• [WHAT YOU ARE ASKED TO DO]: Transcribe the data that follows without changing a word, and omit the pictures.

• [RECORDED INFORMATION]:

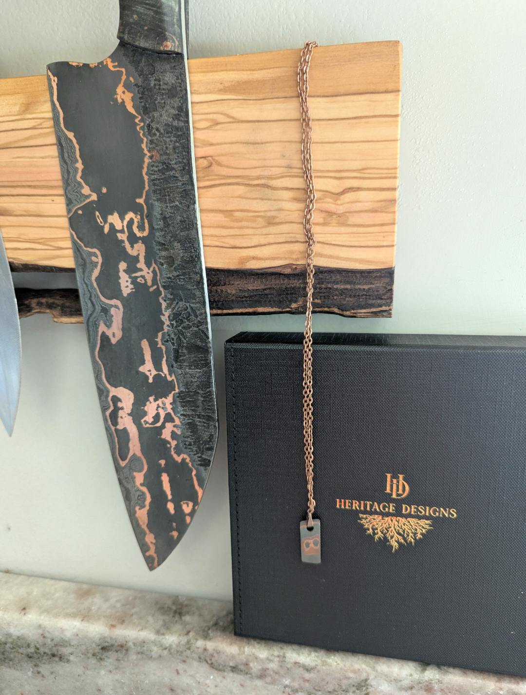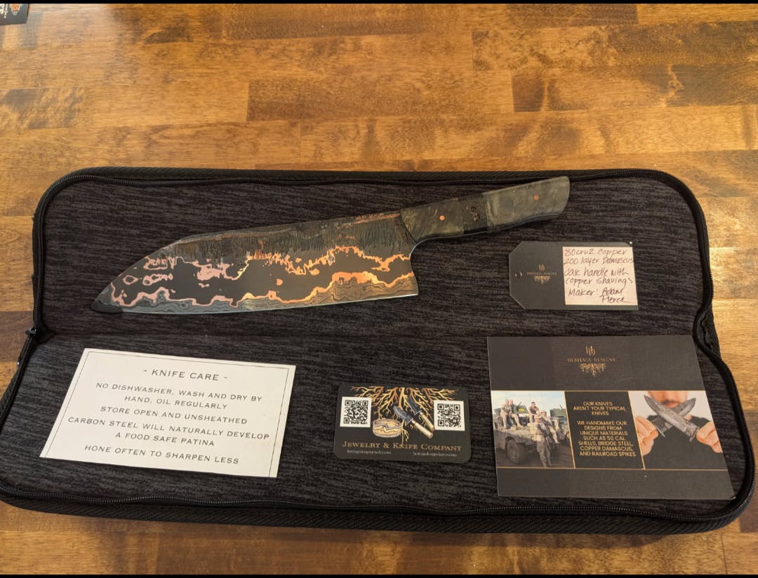 Chef knife made with a Damascus core with four layers of copper and four layers of 80crv2. Maple Burl and dyed resin copper handle.
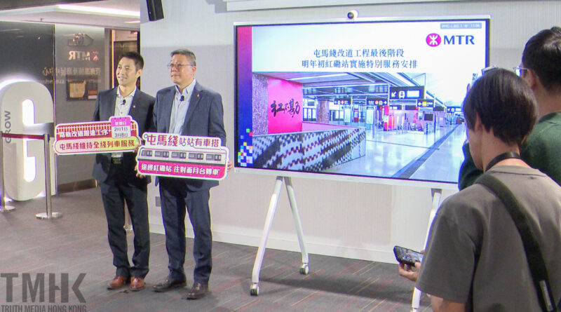 為配合屯馬綫紅磡至尖東段的路軌接駁跟進工程,港鐵宣布將於明年二月一日及三月八日兩個星期日實施特別服務安排。屆時,屯馬綫將採取分段行駛模式,列車分別由屯門及烏溪沙開出後,均會以紅磡站為終點。乘客抵達紅磡站後,必須下車並前往對面月台轉乘,方可繼續餘下行程,預計旅程時間將延長約四至五分鐘。
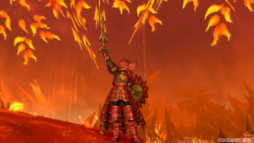 舞台が燃え盛る烈火の渓谷で、キラクリも赤いので、合わせて自分のドレアも赤くしてました。(レグナードも烈火の渓谷だから、いまだに赤い)

• [OUTPUT FOR THIS TASK]:
 Chef knife made with a Damascus core with four layers of copper and four layers of 80crv2. Maple Burl and dyed resin copper handle.
 為配合屯馬綫紅磡至尖東段的路軌接駁跟進工程,港鐵宣布將於明年二月一日及三月八日兩個星期日實施特別服務安排。屆時,屯馬綫將採取分段行駛模式,列車分別由屯門及烏溪沙開出後,均會以紅磡站為終點。乘客抵達紅磡站後,必須下車並前往對面月台轉乘,方可繼續餘下行程,預計旅程時間將延長約四至五分鐘。
 舞台が燃え盛る烈火の渓谷で、キラクリも赤いので、合わせて自分のドレアも赤くしてました。(レグナードも烈火の渓谷だから、いまだに赤い)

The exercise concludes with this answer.